A brief pause. I heard Jadwiga making chicken noises in the background.

On the general channel, the dissemination drone burbled on.

Sylvie sighed. “So I misjudged their political hardwiring. You know how many rival factions there were fighting up here during the Unsettlement?

All fucking squabbling with each other at the end when they should have been fighting the government forces. You know how hard it is to tell some of them apart at a rhetorical code level? This has got to be some captured government armour, rewired by some fucking para-Quellist splinter movement after Alabardos. November 17th Protocol Front, maybe, or the Drava Revisionists. Who the fuck knows?”

“Who the fuck cares?” echoed Jadwiga.

“We would have,” I pointed out. “If we’d been eating our breakfast two prefabs to the left an hour ago.”

It was unfair—if the smart shell had missed us, we had our command head to thank for it. Behind my eyes, the scene played back in perfect recall. Sylvie slammed abruptly to her feet at the breakfast table, face blank, mind flung out, reaching for the thin electronic squeal of the incoming that only she had picked up.
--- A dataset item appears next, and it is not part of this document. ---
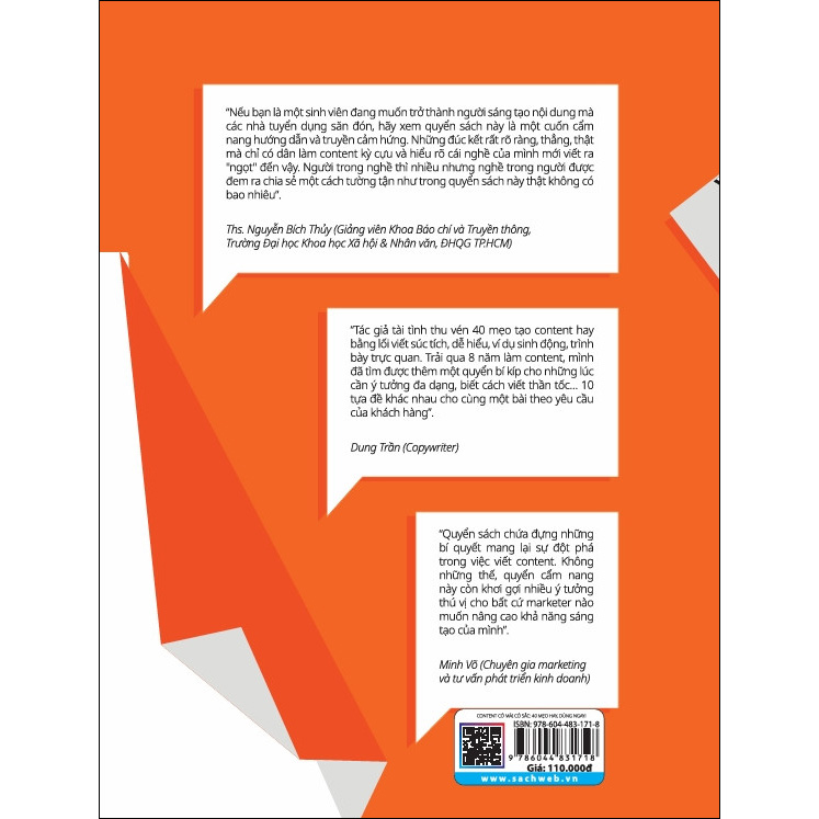 Những phương pháp gợi ý trong sách được đúc kết từ kiến thức chuyên môn và kinh nghiệm thực tiễn hoạt động nghề nghiệp của cá nhân tác giả, có thể không phải là công thức duy nhất đúng trong tất cả các trường hợp nhưng chắc chắn là những giải pháp, gợi mở có giá trị và đáng để tham khảo trong quá trình lên kế hoạch và triển khai content.

Deploying viral tinsel transmissions at machine speed. Whole seconds later, I heard the shrill whistle of the smart shell’s descent through the sky above us.

“Correct!” she’d hissed at us, eyes empty, voice a scream robbed of amplification and razed to inhuman cadence. It was sheer blind reflex, speech centres in the brain spewing an analogue of what she was pumping out at transmission levels, like a man gesturing furiously on an audio- phone link. “Correct your flicking parameters.”

The shell hit.

Muffled crump as the primary detonation system blew, rattle of light debris on the roof above our heads, and then—nothing. She’d locked out the shell’s main payload, isolated it from the detonator with emergency shutdown protocols stolen out of its own rudimentary brain. Sealed it shut and killed it with deCom viral plug-ins.
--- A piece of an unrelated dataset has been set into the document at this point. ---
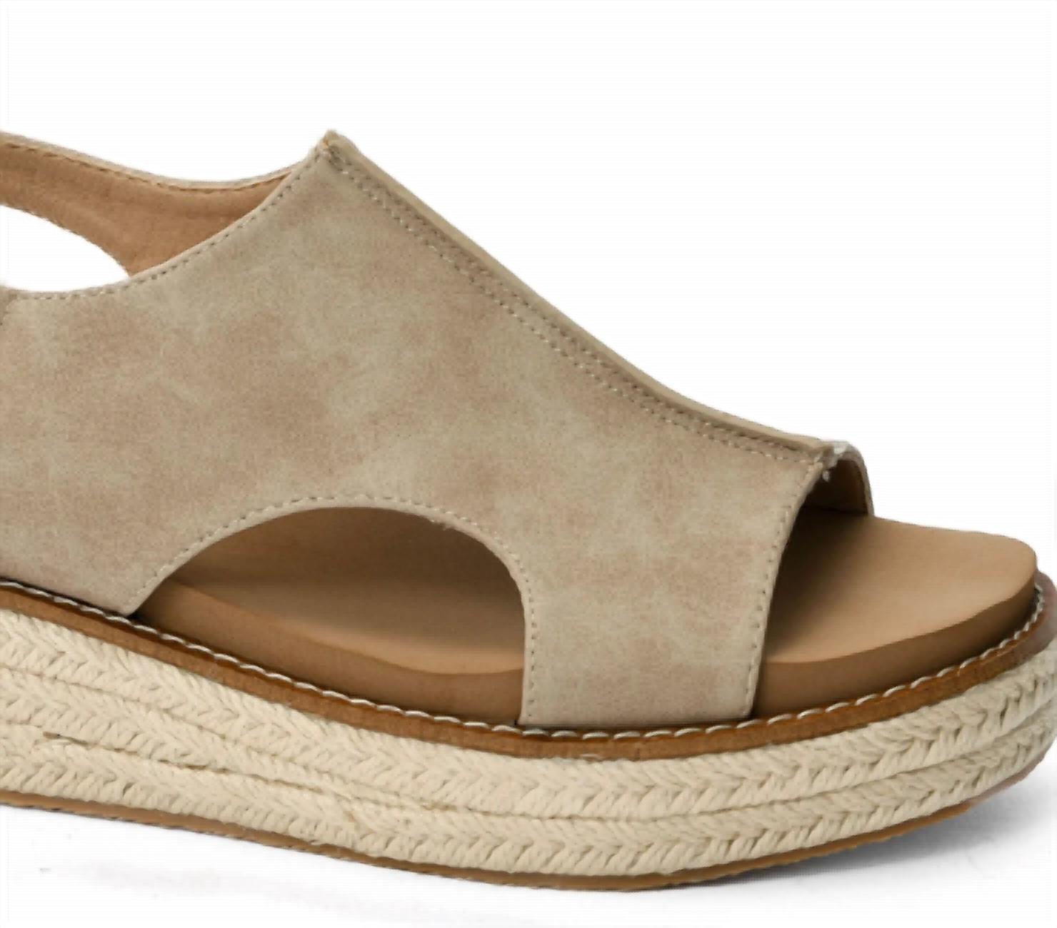 Dresses, denim, shorts... these wedges go with just about anything. Introducing the Ready Or Not Sandal by Corkys Footwear in sophisticated taupe, perfect for spring occasions. These women's wedges feature a comfortable open toe and a stable 2-inch wedge heel for reliable all-day support. The EVA insoles provide enhanced cushioning, while the hook and loop closure offers a secure, adjustable fit. Finished with a stylish jute-wrapped bottom, they're a blend of comfort and casual elegance.

We scattered across the valley like belaweed seed from the pod. A ragged approximation of our drilled ambush configuration, wincefish spread wide in front while Sylvie and Orr hung back at the apex of the pattern with the grav bugs. Mask up and hide and wait, while Sylvie marshalled the weaponry in her head and reached out for the approaching enemy.

“…our warriors will emerge from the foliage of their ordinary lives to tear down this structure that for centuries has …”

Now, on the far side of the river, I could make out the first of the spider tanks. Turret questing left and right, poised in the fringe of vegetation at the water’s edge. Set against the scorpion gun’s ponderous bulk, they were flimsy-looking machines, smaller even than the manned versions I’d murdered on worlds like Sharya and Adoracion, but they were aware and alert in a way that a human crew could never be. I wasn’t looking forward to the next ten minutes.

Deep in the combat sleeve, the chemistry of violence stirred like a snake, and called me a liar.

A second tank, then a third, stepping delicately into the swift flow of the river. Karakuri scuttling along the bank beside them.

“Here we go, people.” A sharp whisper, for Jadwiga’s and my benefit.

The rest would already know, advised on the internal net in less time than it takes to form a conscious human thought. “Through the primary baffles. Move on my command.”

The self-propelled gun was past the little huddle of prefabs now. Lazlo and Kiyoka had taken up positions close to the river not two kilometres downstream of the base. The karakuri advance guard had to be almost on top of them by now. The undergrowth and long silver grass along the valley twitched in a dozen places with their passing. The rest kept pace with the bigger machines.

“Now!”

Fire bloomed, pale and sudden amidst the trees downstream. Orr, cutting loose against the first of the mech puppets.

“Go! Go!”

The lead spider tank staggered slightly in the water. I was already moving, a route down the rock I’d mapped out a couple of dozen times while I was waiting under the overhang. Cascading seconds, the Eishundo sleeve took over and put my hands and feet in place with engineered poise.